Tag Archives: Libya
3 February 2014
An US-backed campaign for the past three months to discreetly destroy Libya’s lethal arsenal and chemical weapons successfully ended last week. Hundreds of bombs and artillery rounds filled with mustard agents, which the US feared could fall into terrorists’ hands, were destroyed. The programme took 45 million US dollar from the Nunn-Lugar Cooperative Threat Reduction fund and the Pentagon assigned Parsons Corporation to work with Libya to rebuild and safeguard the disposal site. Additionally, Canada donated 6 million US dollar to the site to restore water, sewage and electricity, and to build living quarters, while Germany agreed to send international inspectors to the site.
Paul F. Walker, an arms control expert with Green Cross International, stated ‘[e]ven though Libya’s chemical stockpile was relatively small, the effort to destroy it was very difficult because of weather, geography and because it’s a dangerous area with warring tribes, increasing the risks of theft and diversion.’ The disposal site is located in the desert where Islamist militants are gaining more influence and where the eastern and western provinces struggle over political power and oil revenue.
The programme used a Swedish custom-built device to destroy the chemical weapons. The device is like a giant, high-tech oven in which the weapons are fed into a gas-tight chamber, where the toxic materials are vaporised at temperatures up to 1,000 degrees Fahrenheit. The easily transportable technology used to destroy Libya’s chemical weapons has become a model for the programme in Syria to destroy their chemical weapons now underway.
Source: The New York Times | Libya’s Cache of Toxic Arms All Destroyed
15 October 2013
After one of deadliest migrant-ship disasters in recent history, whereby a vessel originating from Libya capsized, already resulting in the death of 311 individuals, UN High Commissioner for Refugees spokesperson Adrian Edwards urged wider responsibility-sharing among European Union states to process asylum claims, and to find lasting solutions for people that are in need of international protection.
A better gathering and sharing of information about the routes and means that people are taking in flight is also needed, as well as improved rescue at sea detection and response, and better care arrangements on arrival after their disembarkation, such as improved facilities, according to Edwards.

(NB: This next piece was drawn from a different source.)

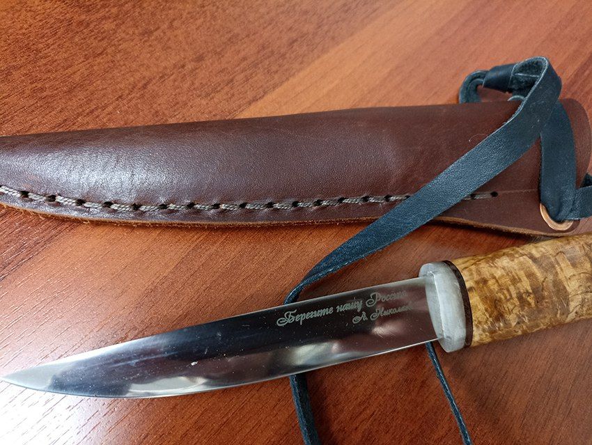 Исходя из документов суда, на лезвии имелась надпись "Берегите нашу Россию. А. Николаев". Как отмечают в "7x7", партию таких ножей для "ветеранов СВО" заказали якутские власти. Журналисты пишут, что чиновники закупили 849 таких ножей за 8,6 миллиона рублей. Глава Якутии Айсен Николаев лично дарил их военным. Его фамилия указана на лезвиях.

Source: UNHCR | UNHCR warns of further boat tragedy risk on Mediterranean
Source: UN News Centre | After Lampedusa tragedy, UN refugee agency urges European Union to revisit migration polices
25 September 2013
Chad, Egypt, Libya and Sudan signed a UN backed ‘Strategic Action Programme’, to ensure the equitable use of the Nubian Sandstone Aquifer System, a water resource that lies beneath the four states. The Action Programme envisages improving cooperation among the four arid nations, and strengthening their capacity to manage and monitor the aquifer effectively. It also establishes a new Joint Authority for the Nubian Aquifer System.

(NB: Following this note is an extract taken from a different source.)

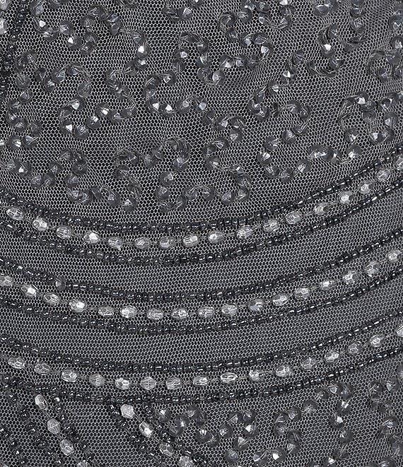 From Pisarro Nights Plus, this dress features: Mesh fabrication V-neckline Short sleeves Sheath silhouette Lined Beading details Zip back closure Approx. 47" in length from high point shoulder Polyester Spot clean Imported.

Source: UN News Centre | Four African nations agree to improve use of key water resource under UN-backed plan
8 August 2013
According to a report by CNN, the CIA was conducting a weapons smuggling operation from Libyan arms depots to the Syrian rebels when the United States’ embassy in Benghazi was attacked in September 2012.
The report alleges the possibility that CIA operations in Benghazi were secretly helping to transport surface-to-air missiles from Libyan depots, through Turkey, to Syrian rebel groups. The CIA has not commented on any involvement in weapons transfers, while the State Department has denied involvement and stated it was merely helping the new Libyan government destroy unsafe weapons.
Source: CCN | The Lead | Exclusive: Dozens of CIA operatives on the ground during Benghazi attack
Source: Centre for Research on Globalization | CIA Was Smuggling Weapons to Syrian Rebels During Benghazi Embassy Attack: “Unnamed Source”
30 January 2013
Italy’s highest criminal court has ruled that Italian radar systems did not adequately protect jets from stray missiles, and that Italy must compensate the victims’ families. It held that there was “abundantly” clear evidence that a stray missile caused an Italian passenger jet to crash into the Mediterranean Sea in 1980, resulting in the death of all 81 people aboard.
It remains unclear who fired the missile. One theory is that the jet was caught in the crossfire of a military aerial fight, with a Libyan plane possibly the target. French, U.S. and NATO officials have denied military activity in the skies that night.